Find $ \left(2x+1\right)^2 $ using formula.

$$ (A + B)^2 = \color{blue}{A^2} + 2 \cdot A \cdot B + \color{red}{B^2} $$

where $ A = \color{blue}{ 2x } $ and $ B = \color{red}{ 1 }$.

$$ \begin{aligned}\left(2x+1\right)^2 = \color{blue}{\left( 2x \right)^2} +2 \cdot 2x \cdot 1 + \color{red}{1^2} = 4x^2+4x+1\end{aligned} $$

Simplify $ \dfrac{2x^2+x}{4x^2+4x+1} $ to $ \dfrac{x}{2x+1} $.

Factor both the denominator and the numerator, then cancel the common factor. $\color{blue}{2x+1}$.

$$ \begin{aligned} \frac{2x^2+x}{4x^2+4x+1} & =\frac{ x \cdot \color{blue}{ \left( 2x+1 \right) }}{ \left( 2x+1 \right) \cdot \color{blue}{ \left( 2x+1 \right) }} = \\[1ex] &= \frac{x}{2x+1} \end{aligned} $$

Subtract $ \dfrac{3}{2x+1} $ from $ \dfrac{x}{2x+1} $ to get $ \dfrac{ x - 3 }{ \color{blue}{ 2x+1 }}$.

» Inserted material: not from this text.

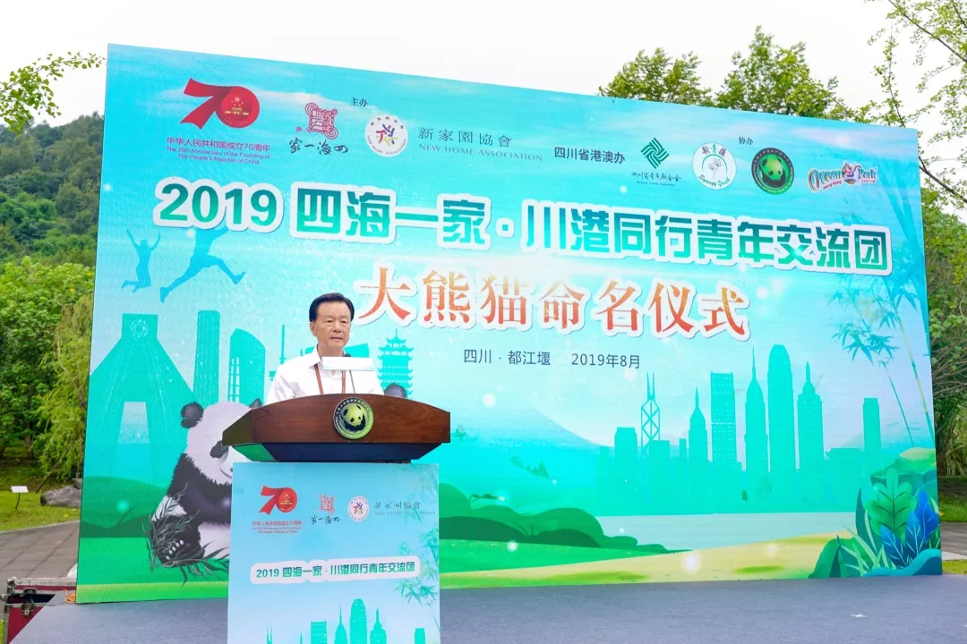 全国政协常委、香港新家园协会董事会主席许荣茂表示:“这对双胞胎大熊猫就如四川和香港一样,有着血浓于水的手足之情。将两只熊猫分别命名为‘四海’和‘一家’,传承着‘四海一家’青年交流活动包容、友爱、互助的精神。”

To subtract expressions with the same denominators, we subtract the numerators and write the result over the common denominator.

$$ \begin{aligned} \frac{x}{2x+1} - \frac{3}{2x+1} & = \frac{x}{\color{blue}{2x+1}} - \frac{3}{\color{blue}{2x+1}} =\frac{ x - 3 }{ \color{blue}{ 2x+1 }} \end{aligned} $$